■ Task instructions ■
Begin at the line that has "ストール付きのアシメネックが目を惹く、モードな表情のカットソーワンピース。", stop after the line that has "В 2005 году", and print exactly those lines from the records below, without any pictures.

■ Records ■
----------

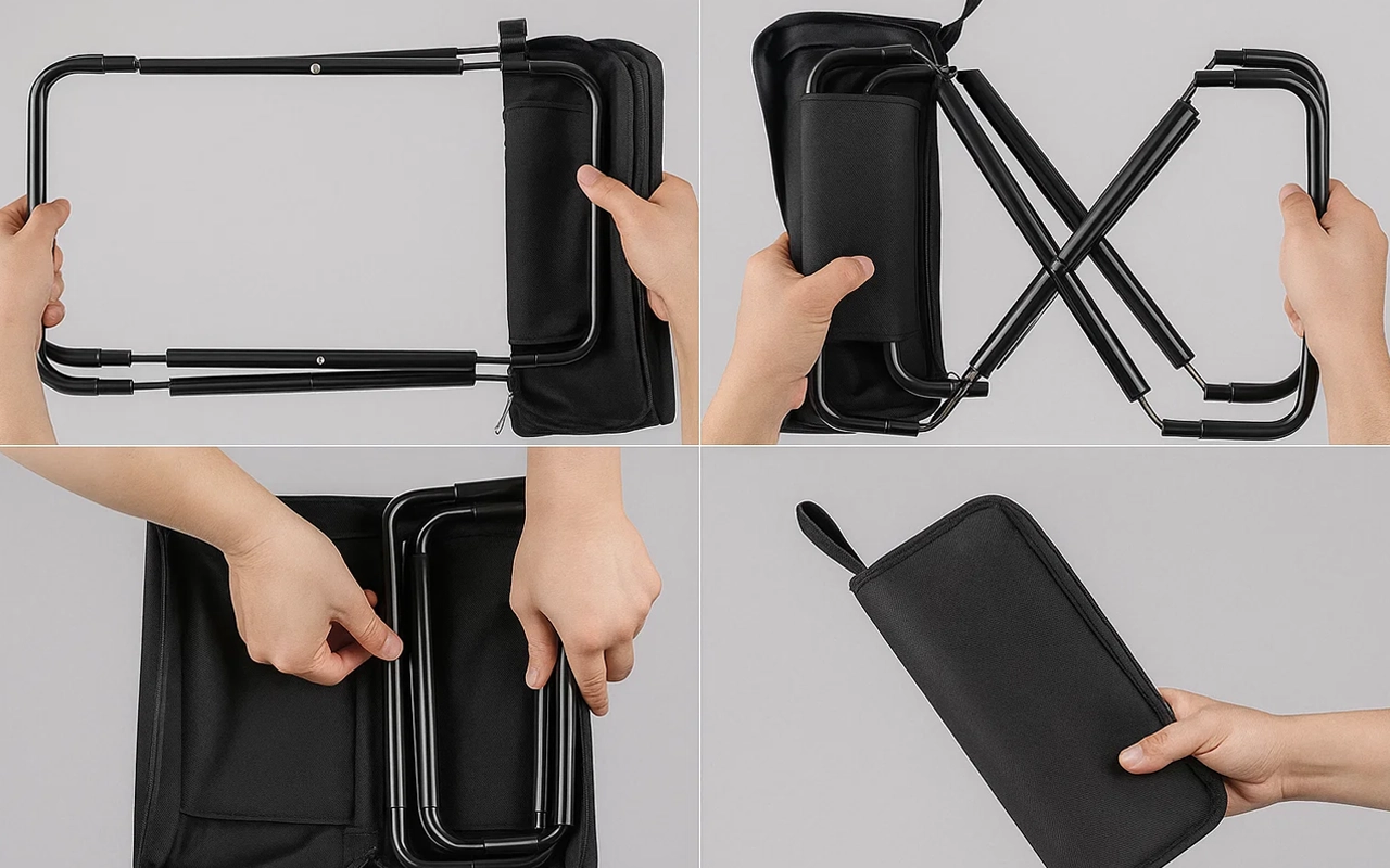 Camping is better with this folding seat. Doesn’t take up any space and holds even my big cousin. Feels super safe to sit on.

----------

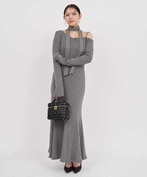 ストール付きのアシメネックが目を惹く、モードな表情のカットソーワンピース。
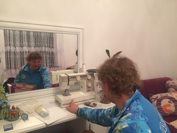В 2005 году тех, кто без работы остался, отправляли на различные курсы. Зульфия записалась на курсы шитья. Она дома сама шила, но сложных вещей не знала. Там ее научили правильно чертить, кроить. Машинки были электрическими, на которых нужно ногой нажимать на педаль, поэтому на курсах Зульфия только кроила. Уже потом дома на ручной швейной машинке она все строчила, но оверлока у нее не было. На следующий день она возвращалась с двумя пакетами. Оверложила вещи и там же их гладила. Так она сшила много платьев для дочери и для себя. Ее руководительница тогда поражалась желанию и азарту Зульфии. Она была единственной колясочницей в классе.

----------

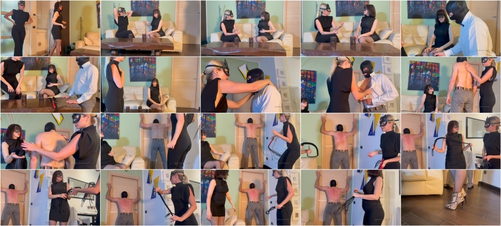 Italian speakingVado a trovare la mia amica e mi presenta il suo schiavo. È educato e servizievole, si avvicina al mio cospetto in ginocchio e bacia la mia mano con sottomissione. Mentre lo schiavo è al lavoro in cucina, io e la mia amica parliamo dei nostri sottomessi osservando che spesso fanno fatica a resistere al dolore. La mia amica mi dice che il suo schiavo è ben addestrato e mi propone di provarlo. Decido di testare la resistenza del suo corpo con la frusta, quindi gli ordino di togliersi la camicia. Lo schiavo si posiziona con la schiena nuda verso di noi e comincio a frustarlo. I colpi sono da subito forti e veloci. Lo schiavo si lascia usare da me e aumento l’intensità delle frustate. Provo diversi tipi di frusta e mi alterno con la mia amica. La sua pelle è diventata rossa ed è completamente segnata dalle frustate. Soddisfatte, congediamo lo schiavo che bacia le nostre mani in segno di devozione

----------

■ Response to the exercise ■
 ストール付きのアシメネックが目を惹く、モードな表情のカットソーワンピース。
В 2005 году тех, кто без работы остался, отправляли на различные курсы. Зульфия записалась на курсы шитья. Она дома сама шила, но сложных вещей не знала. Там ее научили правильно чертить, кроить. Машинки были электрическими, на которых нужно ногой нажимать на педаль, поэтому на курсах Зульфия только кроила. Уже потом дома на ручной швейной машинке она все строчила, но оверлока у нее не было. На следующий день она возвращалась с двумя пакетами. Оверложила вещи и там же их гладила. Так она сшила много платьев для дочери и для себя. Ее руководительница тогда поражалась желанию и азарту Зульфии. Она была единственной колясочницей в классе.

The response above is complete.